● ABOUT THIS EXERCISE: The full listing is to be returned exactly as given, but without pictures.

● SOURCE MATERIAL:
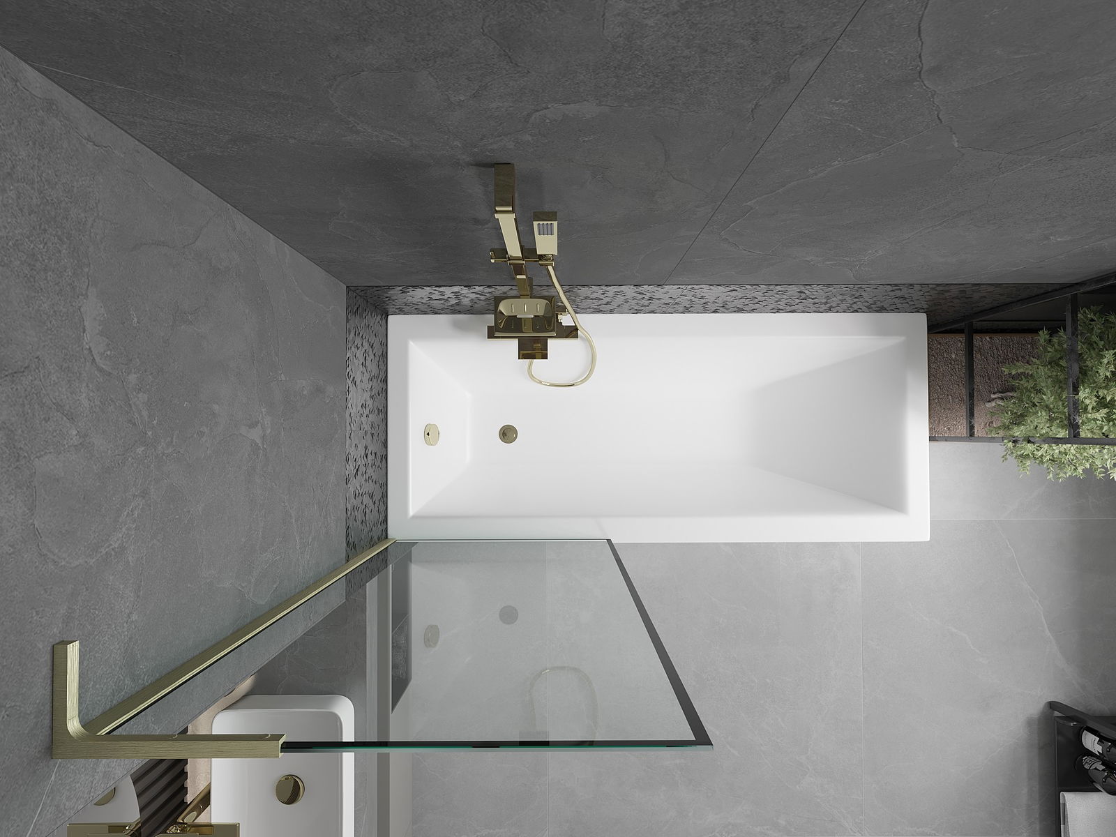 Mexen Next L Badewannenabtrennung 1-flügelig 70 x 150 cm, schwarzer Rahmen, gebürstet gold - 895-070-000-03-70-55
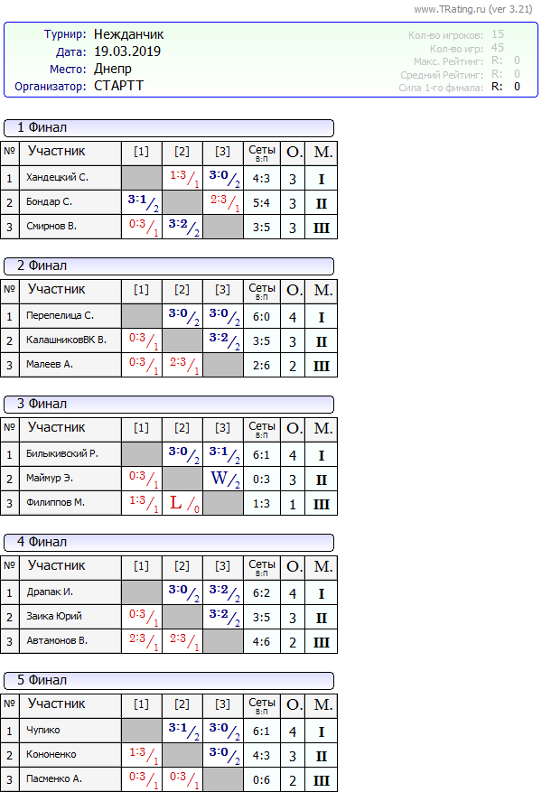 Результаты турнира Нежданчик от 19.03.2019г.
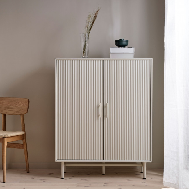 Apportez une touche élégante et moderne à votre intérieur avec Jura, le buffet haut 2 portes en MDF et métal H125cm. Cet harmonieux mélange de MDF pour la structure principale et de métal pour le piètement donne à ce meuble une véritable identité contemporaine. Son design sobre saura s'adapter à tous les styles de décoration sans jamais dénoter.
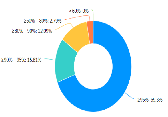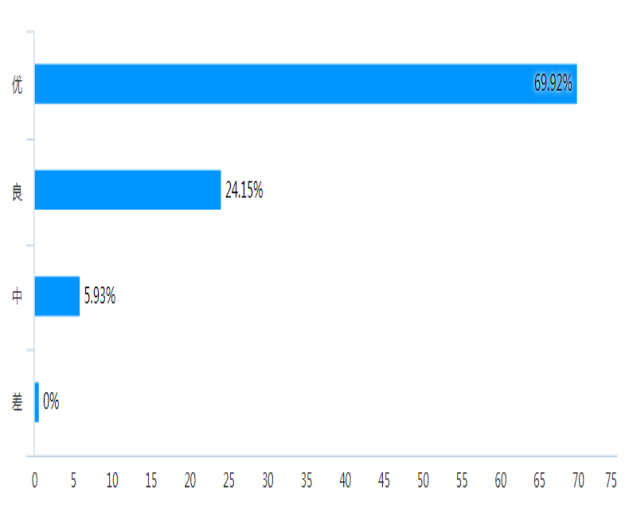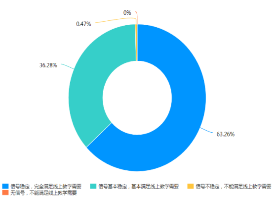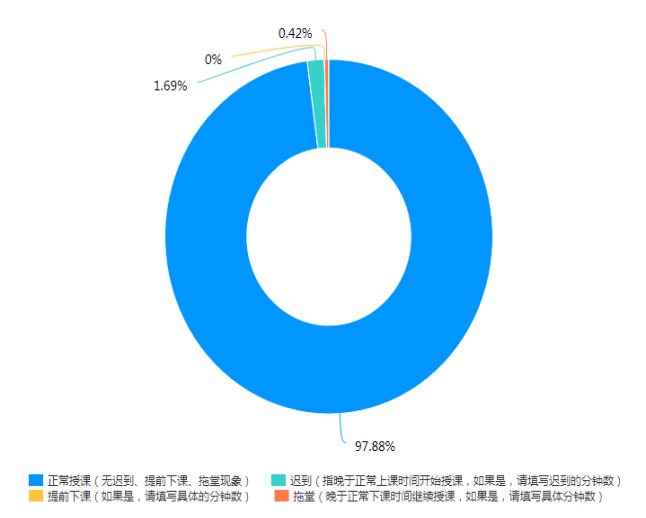 结合校院两级督导和教师自评的结果来看,教学秩序较好,教师都能提前进入课堂,调动学生精神状态,布置课后学习,对学生的考勤、提问、互动等方式灵活开展。99.54%以上的网络运行情况能满足教学;97.88%的教师和63.26%的学生按时上下课,师生状态饱满,还有36.74%的学生学习状态一般;80.68%的课堂学生到课率达到90%以上,还有3.81%的课堂学生到课率未达到80%。
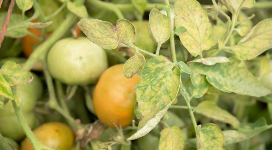 Желтеют листья томатов и покрываются пятнами: при каких болезнях
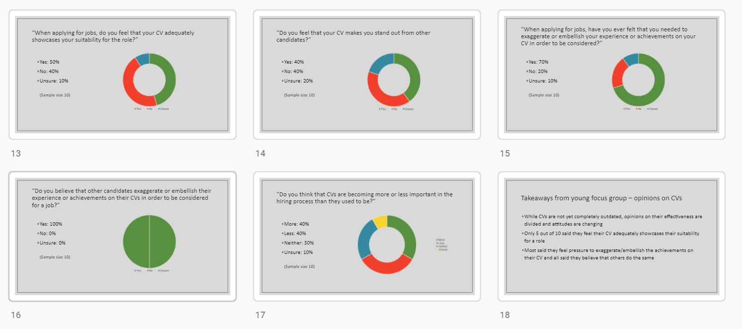 Becky, our interviewee spent her set three hours completing research by getting together a focus group of young people, and engaging with them on the topic of job hunting and using CV’s to show their skills or experience. She then neatly showcased her findings through graphs and stats.
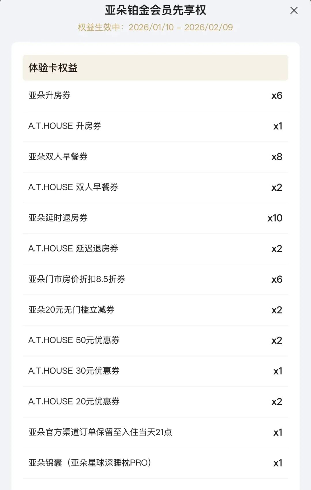 绑定成功的那一刻,全年至多12次的亚朵高等级会员体验权便已到账。其中最实在的,莫过于免费房型升级与延迟退房这两项核心权益。
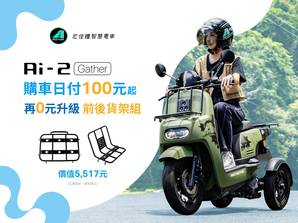 宏佳騰智慧電車6月購車方案火熱實施中,全車系享信用卡30期或無卡分期最高36期零利率方案,日付53元起入手全新電車。白牌車型如韓系跑旅EV.C1、叛逆潮車Ai-1 Ultra Belt、經典跑格Ai-1 Sport+、商務三輪Ai-2 Gather、美型電車Ai-3 Lite可享萬元購車金現折,Ai-2 Gather加碼贈專屬前、後機能貨架,實現環保綠能生活就趁現在。
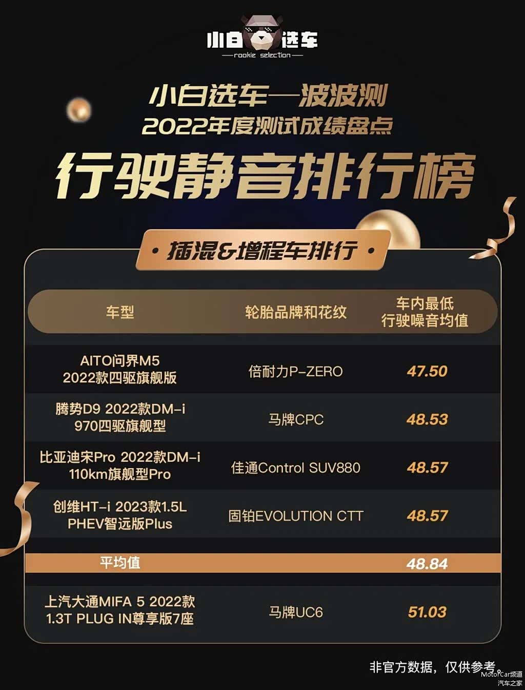 2022插混&增程车静音榜的平均成绩是48.84 dBA,由此可见插混版的上汽大通MIFA 5拖了后腿——实际上只有这款车的数据低于该细分市场的平均成绩。
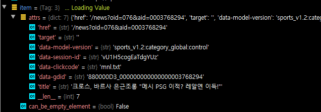 a라는 태그를 받아오니, 각 항목들이 Dictionary형태로 값을 받아 왔습니다.
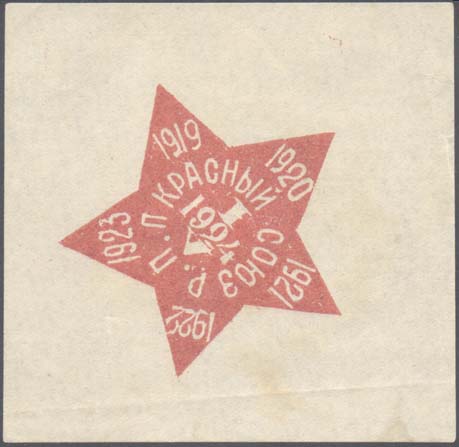1924 г. Разм. 74 х 76 мм. Одноцветная печать на белой бумаге. В центре пятиконечная звезда с датами на лучах: «1920, 1921, 1922, 1923». В центре дата I/V1924. По окружности текст: «Красный союз Р.П.П».
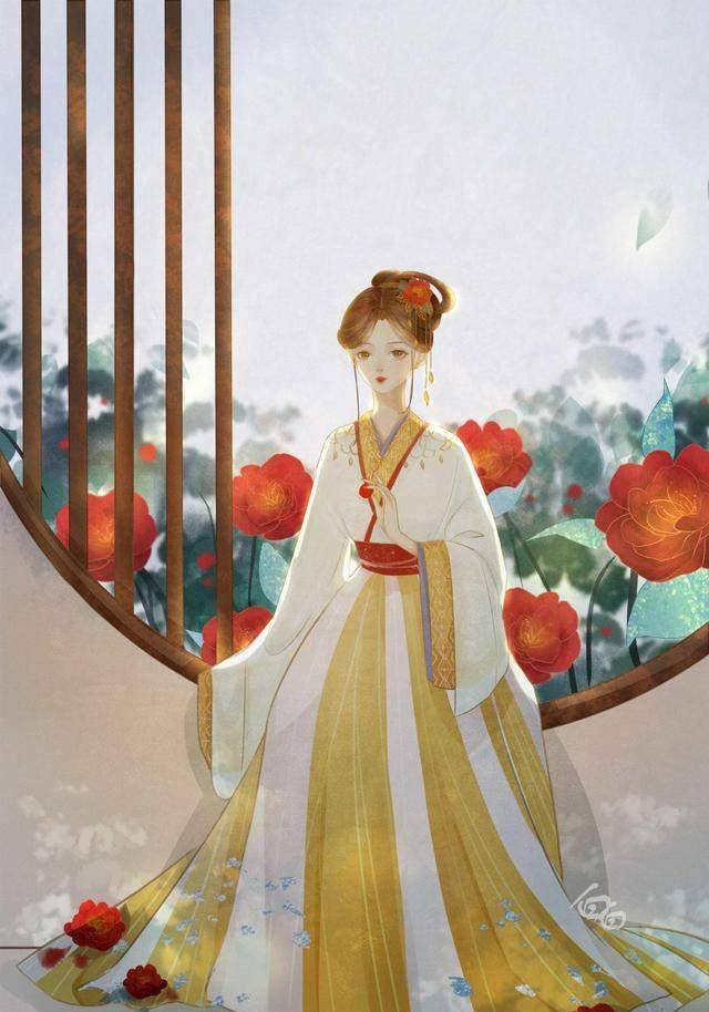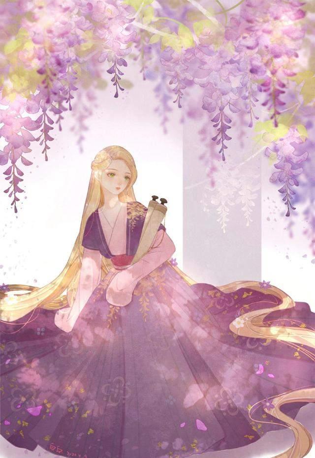 古代才女注重琴棋书画。看来长发公主长发公主应该更擅长画画。他手里拿着两卷卷轴,坐在地上。头上的紫色花朵与汉服的整体颜色很契合。那是什么花?紫藤?看上去不错。

● TASK ANSWER:
 Mexen Next L Badewannenabtrennung 1-flügelig 70 x 150 cm, schwarzer Rahmen, gebürstet gold - 895-070-000-03-70-55
 Результаты турнира Нежданчик от 19.03.2019г.
 Apportez une touche élégante et moderne à votre intérieur avec Jura, le buffet haut 2 portes en MDF et métal H125cm. Cet harmonieux mélange de MDF pour la structure principale et de métal pour le piètement donne à ce meuble une véritable identité contemporaine. Son design sobre saura s'adapter à tous les styles de décoration sans jamais dénoter.
 结合校院两级督导和教师自评的结果来看,教学秩序较好,教师都能提前进入课堂,调动学生精神状态,布置课后学习,对学生的考勤、提问、互动等方式灵活开展。99.54%以上的网络运行情况能满足教学;97.88%的教师和63.26%的学生按时上下课,师生状态饱满,还有36.74%的学生学习状态一般;80.68%的课堂学生到课率达到90%以上,还有3.81%的课堂学生到课率未达到80%。
 Желтеют листья томатов и покрываются пятнами: при каких болезнях
 Becky, our interviewee spent her set three hours completing research by getting together a focus group of young people, and engaging with them on the topic of job hunting and using CV’s to show their skills or experience. She then neatly showcased her findings through graphs and stats.
 绑定成功的那一刻,全年至多12次的亚朵高等级会员体验权便已到账。其中最实在的,莫过于免费房型升级与延迟退房这两项核心权益。
 宏佳騰智慧電車6月購車方案火熱實施中,全車系享信用卡30期或無卡分期最高36期零利率方案,日付53元起入手全新電車。白牌車型如韓系跑旅EV.C1、叛逆潮車Ai-1 Ultra Belt、經典跑格Ai-1 Sport+、商務三輪Ai-2 Gather、美型電車Ai-3 Lite可享萬元購車金現折,Ai-2 Gather加碼贈專屬前、後機能貨架,實現環保綠能生活就趁現在。
 2022插混&增程车静音榜的平均成绩是48.84 dBA,由此可见插混版的上汽大通MIFA 5拖了后腿——实际上只有这款车的数据低于该细分市场的平均成绩。
 a라는 태그를 받아오니, 각 항목들이 Dictionary형태로 값을 받아 왔습니다.
1924 г. Разм. 74 х 76 мм. Одноцветная печать на белой бумаге. В центре пятиконечная звезда с датами на лучах: «1920, 1921, 1922, 1923». В центре дата I/V1924. По окружности текст: «Красный союз Р.П.П».
 古代才女注重琴棋书画。看来长发公主长发公主应该更擅长画画。他手里拿着两卷卷轴,坐在地上。头上的紫色花朵与汉服的整体颜色很契合。那是什么花?紫藤?看上去不错。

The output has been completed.